The focus of Chanuka is not on a great military victory, seeing as the triumph was short-lived. The Hasmonean dynasty it created would lead just a few generations later to civil war between brothers Hyrcanus and Aristobulus and their catastrophic appeal for intervention to Roman General Pompey the Great, which would eventually lead to the destruction of Jerusalem and the Temple. Rather, Chanuka celebrates the gratitude offered by the Jews for having obtained their victory. Rather then build victory arches to their own military prowess the Maccabees lit God’s menorah and ascribed the glory to Him instead. King David was a great warrior but he is remembered today not for his sword but his harp and lyre with which he sang Psalms to God to give thanks for his triumphs.

Indeed, the Jewish call to gratitude extends even to inanimate objects as Moses discovered when God did not allow him to personally enact the plagues of blood, frogs, and lice, seeing as the Nile River and the dust of Egypt had earlier saved his life.

My new year’s resolution, therefore, is never to again to fail to give thanks to those who love me, those who stand with me, those who work with me, and those have immeasurably enriched my life for the better.

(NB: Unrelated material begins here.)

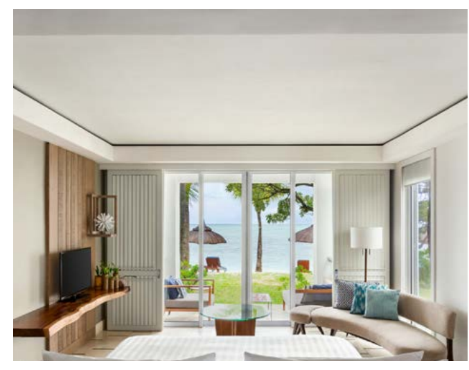
Frangipani Club Junior Suite Beach Access
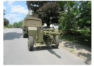
Sven's 105 Howitzer

Shmuley Boteach, whom Newsweek calls ‘the most famous Rabbi in America,’ has just published Ten Conversations You Need to Have with Yourself (Wiley) and on February 1st will publish Kosher Jesus (Gefen), a monumental new study on the Jewishness of Christ and his teachings. Follow him on Twitter @RabbiShmuley and on his website www.shmuley.com

This essay is written in memory of Machla Dabakarov, the mother of a dear friend of Rabbi Shmuley, who passed away earlier this year.

2 Comments

  • frania kryszpel block

    How comforting to open up and talk about a heartfelt issue like you have. Manners,respect are now replaced with entitlement. You owe me . Try opening a door for someone and see if they thank you. Whole families can be seen to walk through a door being held open by a nice person and watch what happens. The mother with the baby carriage first,then the husband holding another then the older children, who instead of taking the door from the nice stranger,just walk through,arms down by their side looking straight ahead. No parent even telling the child to grab the door so the nice stranger can now leave. How can children learn class, manners, caring when the parents themselves have none.

  • Thank you, Rabbi Boteach, for your inspiring words. May the article be a catalyst for others to show gratitude, including to their rabbis.